But if you thought this was going to end with social media and Section 230, well, you haven’t been paying attention. Because some trains are never late, some folks, who would very much like to obscure where this alleged mass murderer got these ideas about race from, would like you to assume this is also the fault of video games.

In case you cannot view the embedded tweet, I can summarize the Fox News host’s two main concepts. First, the host wonders aloud what could possibly be going through the mind of someone like the alleged mass murderer. Second, he suggests that these mass shootings have all gotten so much worse at the same time that video games have become more realistic and violent.

Let’s do this in reverse order. Casually tossing in some correlation with video games and mass murders being “worse” is quite pernicious. If Fox News has any data it would like to cite, then it should do so. As someone who has reported on this topic for something like a decade now, witnessing how gun rights groups blame gaming, politicians from one side of the aisle blame gaming, and even major media groups tacitly blame gaming, I’ve also noticed how the actual facts concerning the link between gaming and violence mostly amounts to a spectrum of “doesn’t really matter” to “definitely doesn’t matter“.

So why are a Fox News host, and others on the right, bringing this up while also feigning curiosity as to what was going on in the shooter’s mind? Quite possibly it’s because that host knows damned well that the shooter’s manifesto contained ideas quite similar to some Fox News hosts and other like-minded networks.

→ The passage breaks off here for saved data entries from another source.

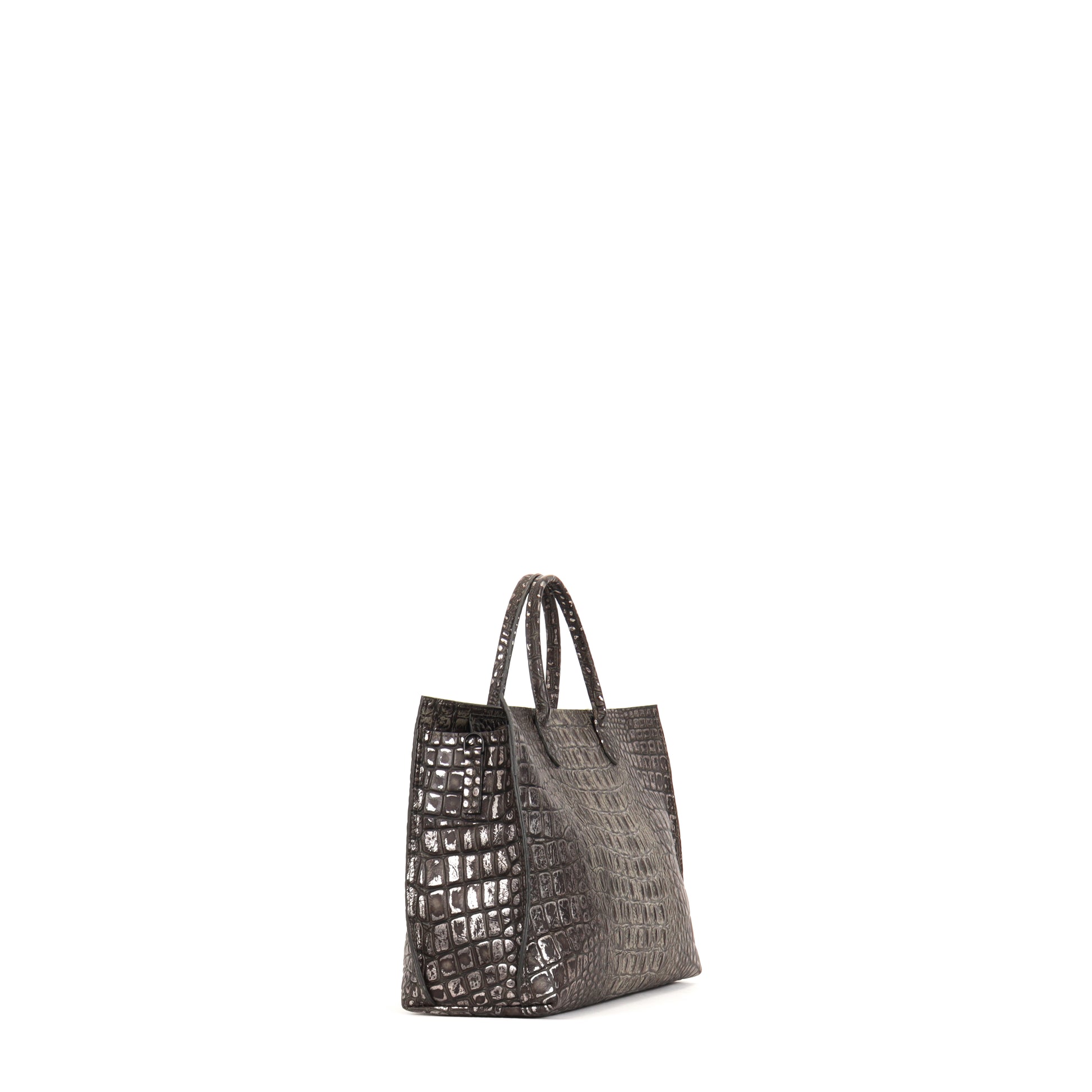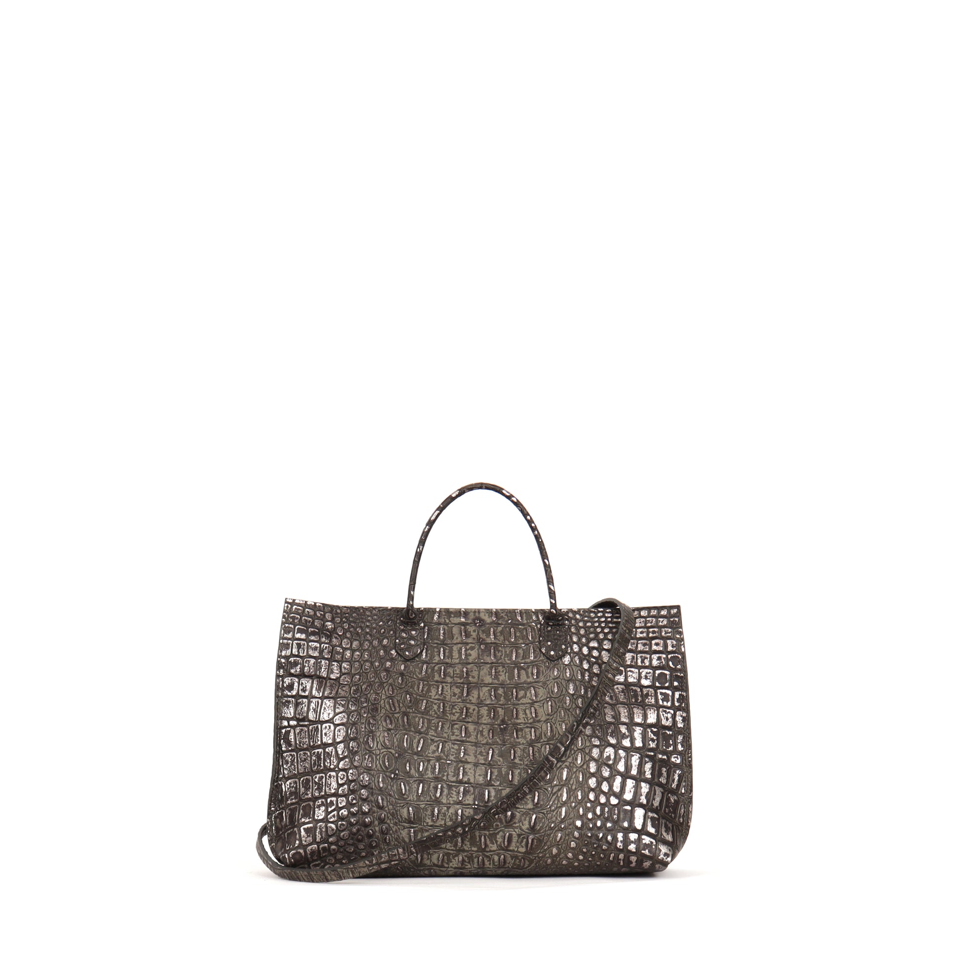 DAYBAG SMOKED SILVER TIPPED EMBOSSED CROC
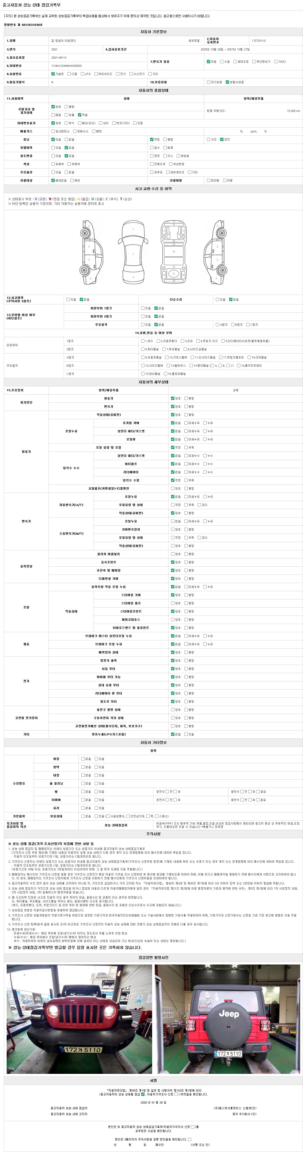 자동차관리법 시행규칙 제120조의 규정에 따라 별지 제 82호서식 《중고자동차 성능, 상태점검 기록부》를 발행한 성능, 상태점검자 및 매매자는 아래의 보증기간 또는 보증거리 이내의 중고자동차, 성능점검 기록부에 기재된 내용과 자동차의 실제 성능, 상태가 다른 경우 계약 또는 관계법령에 따라 매수인에 대하여 책임을 집니다.
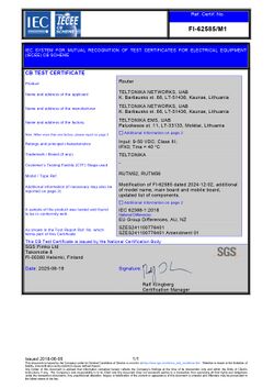 RUTM56 was tested and certified in accordance with the IEC 62368-1:2018 Safety standard with EU group differences
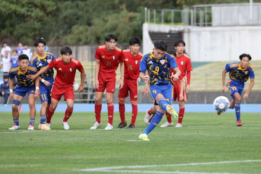 準決勝 開志学園JSC-新潟明訓 前半28分、開志学園JSCのFW北野鈴雄がPKを決めて2-2=新発田市五十公野公園陸上競技場
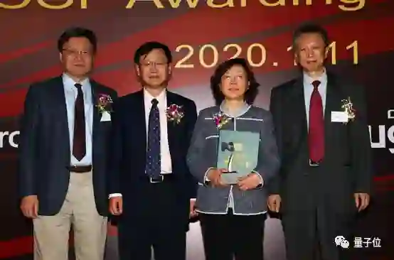 △ 2019年CCF杰出贡献奖获奖者彭思龙研究员(中)与颁奖嘉宾合影
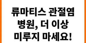 지긋지긋한 통증, 류마티스 관절염일까요? 초기 증상을 놓치지 않고 제대로 진단받는 것이 중요합니다. 나에게 맞는 류마티스 관절염 병원 선택 기준과 치료법, 생활 관리 팁까지 모두 알려드립니다. 물론입니다. 블로그 전체 제목과 소제목의 …

On May 14, a man allegedly shot and killed 10 people at a supermarket in a predominantly Black neighborhood in Buffalo, New York, using weapons adorned with white supremacist messaging. A writing uploaded online before the attack, and allegedly from the shooter, invoked the false “great replacement” conspiracy theory as the motive for the attack. The conspiracy theory claims that certain people, particularly Jews, are trying to “replace” white Americans and remove them from power. It was originally popularized in far-right online spaces but has since been espoused by some high-ranking Republican politicians such as Rep. Elise Stefanik of New York, as well as conservative media personalities like Fox News hosts Tucker Carlson and Laura Ingraham.

Now, I want to be very, very clear here: to date, there has been no indication of the alleged shooter name-checking any of these hosts or networks or politicians in his writing. Instead, he indicates he found content on some backwater sites. But that isn’t really the point. The point is that the hosts and politicians mentioned above have very much parroted sanitized versions of “great replacement” theory in broadcasts viewed by millions of people. That sort of speech, evil as it may be, is protected speech. But it’s quite silly for those working for those same networks to simply ignore that issue nearly entirely and instead point at video games as the cause of the shooting. As Fox News has done, for instance.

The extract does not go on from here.